GOAL OF THE EXERCISE =
When you reach a picture, pass over it; otherwise repeat the listing word for word.

RECORDED INFORMATION =
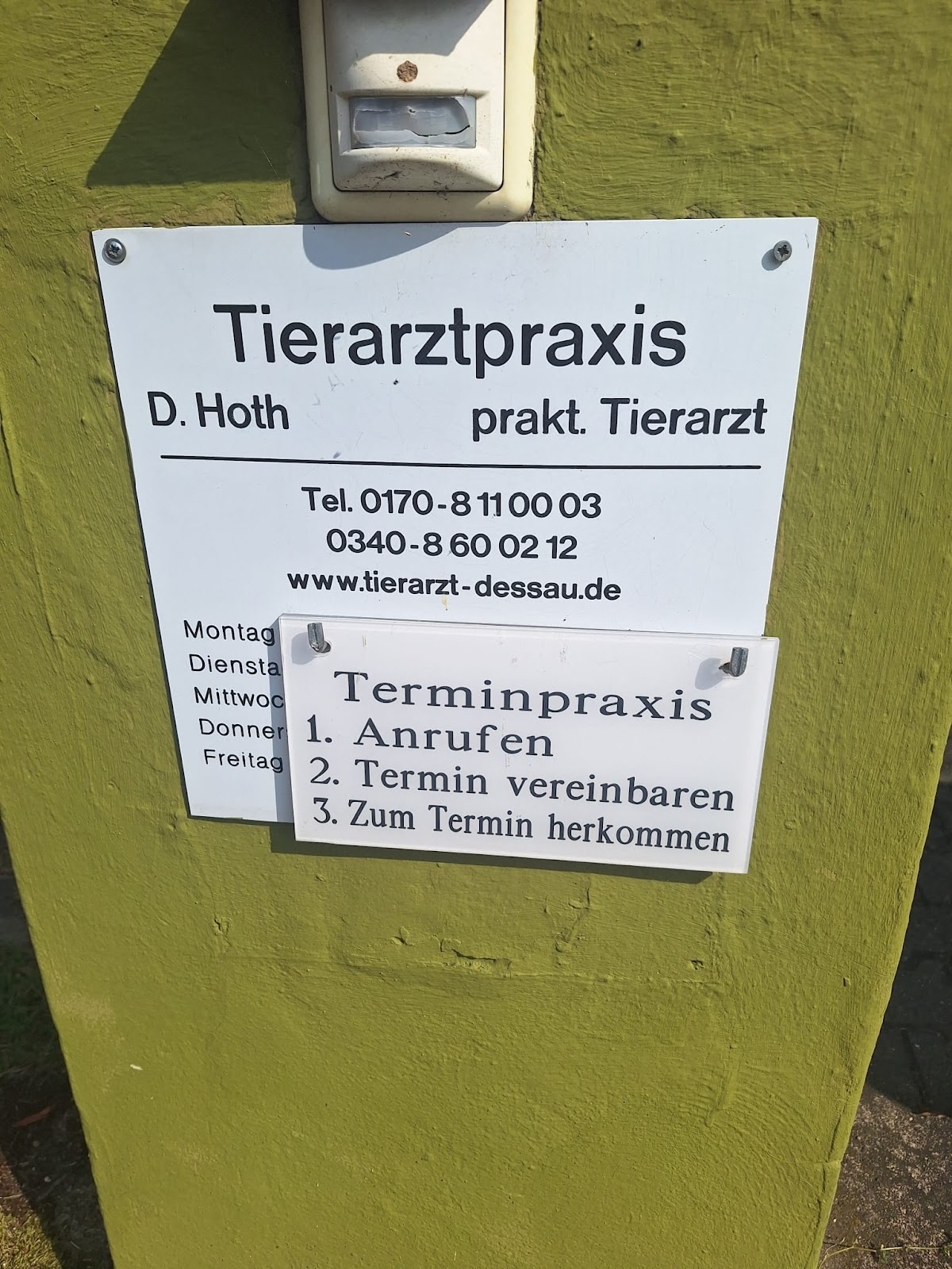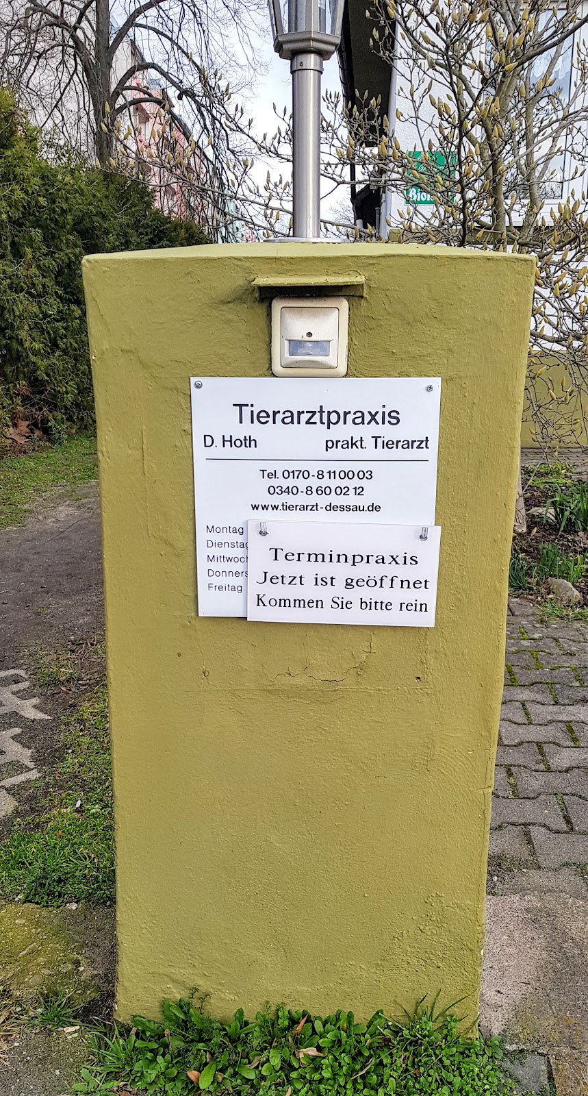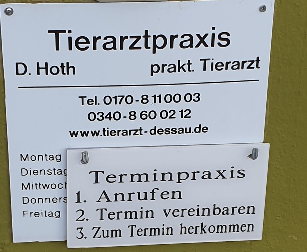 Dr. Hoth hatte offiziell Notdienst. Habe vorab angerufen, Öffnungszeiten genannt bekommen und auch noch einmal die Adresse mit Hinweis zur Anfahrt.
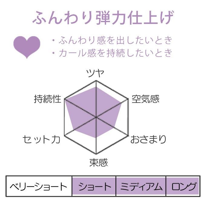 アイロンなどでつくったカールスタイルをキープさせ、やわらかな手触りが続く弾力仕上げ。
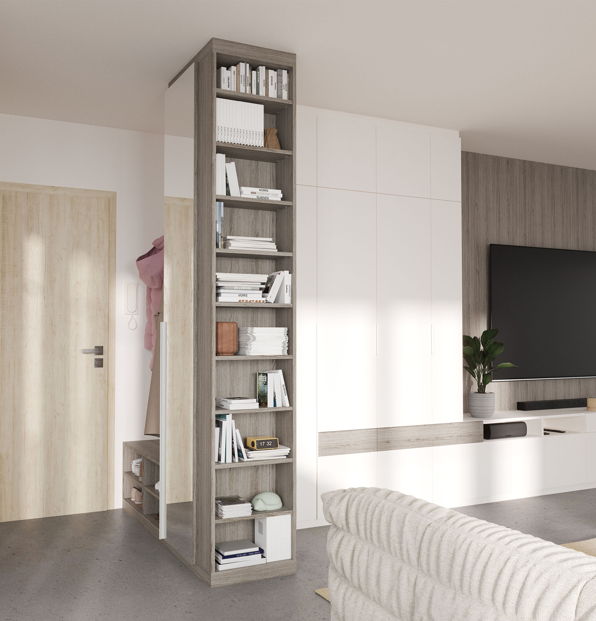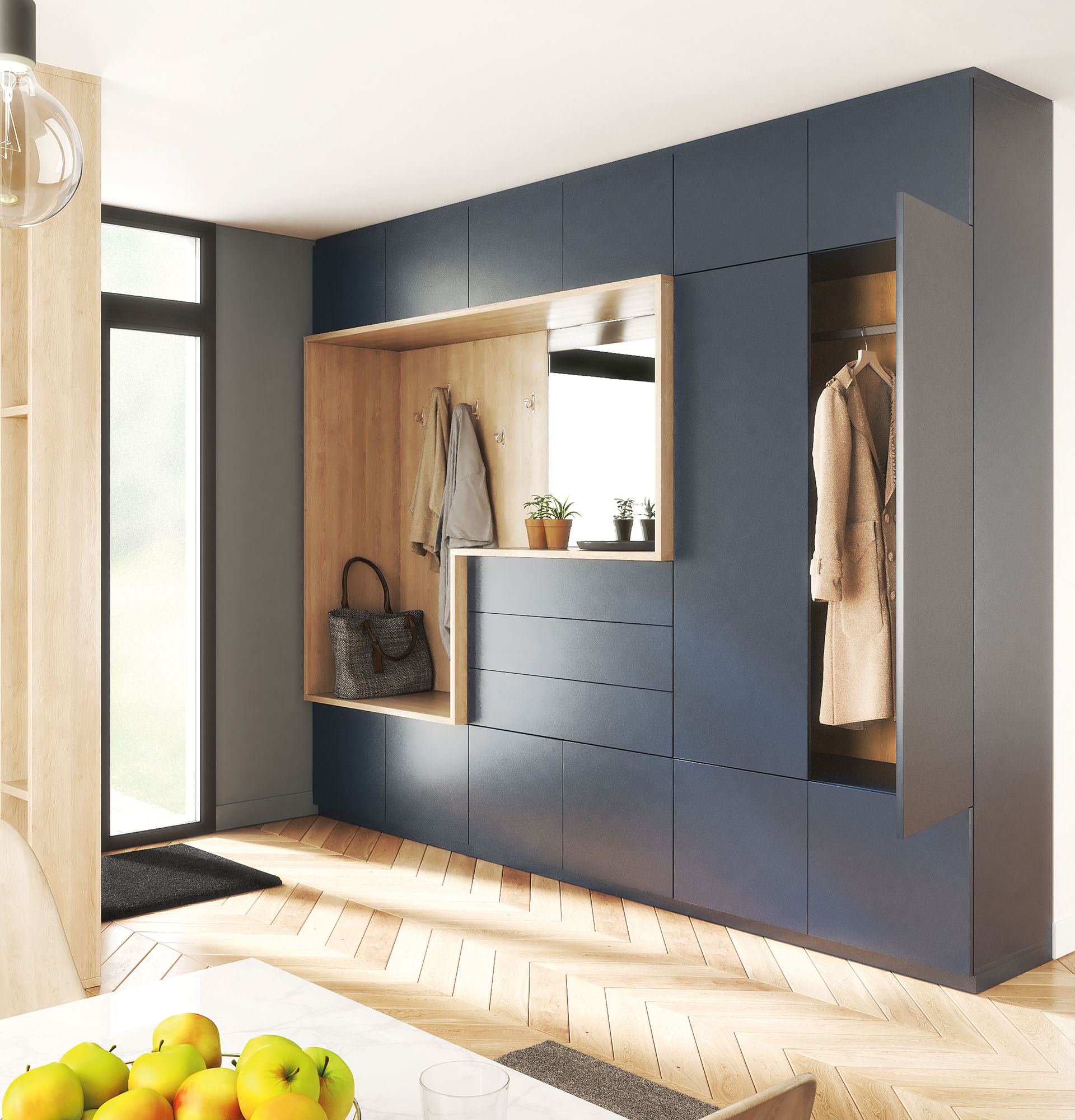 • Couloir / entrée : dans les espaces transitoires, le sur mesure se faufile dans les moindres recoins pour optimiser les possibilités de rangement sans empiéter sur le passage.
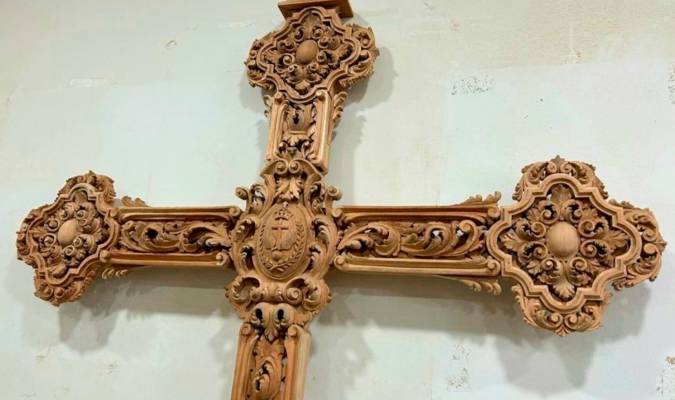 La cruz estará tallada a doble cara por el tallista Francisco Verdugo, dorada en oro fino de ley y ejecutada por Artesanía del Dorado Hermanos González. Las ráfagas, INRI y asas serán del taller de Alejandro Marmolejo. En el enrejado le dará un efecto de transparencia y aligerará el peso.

EXPECTED ANSWER =
 Dr. Hoth hatte offiziell Notdienst. Habe vorab angerufen, Öffnungszeiten genannt bekommen und auch noch einmal die Adresse mit Hinweis zur Anfahrt.
 アイロンなどでつくったカールスタイルをキープさせ、やわらかな手触りが続く弾力仕上げ。
 • Couloir / entrée : dans les espaces transitoires, le sur mesure se faufile dans les moindres recoins pour optimiser les possibilités de rangement sans empiéter sur le passage.
 La cruz estará tallada a doble cara por el tallista Francisco Verdugo, dorada en oro fino de ley y ejecutada por Artesanía del Dorado Hermanos González. Las ráfagas, INRI y asas serán del taller de Alejandro Marmolejo. En el enrejado le dará un efecto de transparencia y aligerará el peso.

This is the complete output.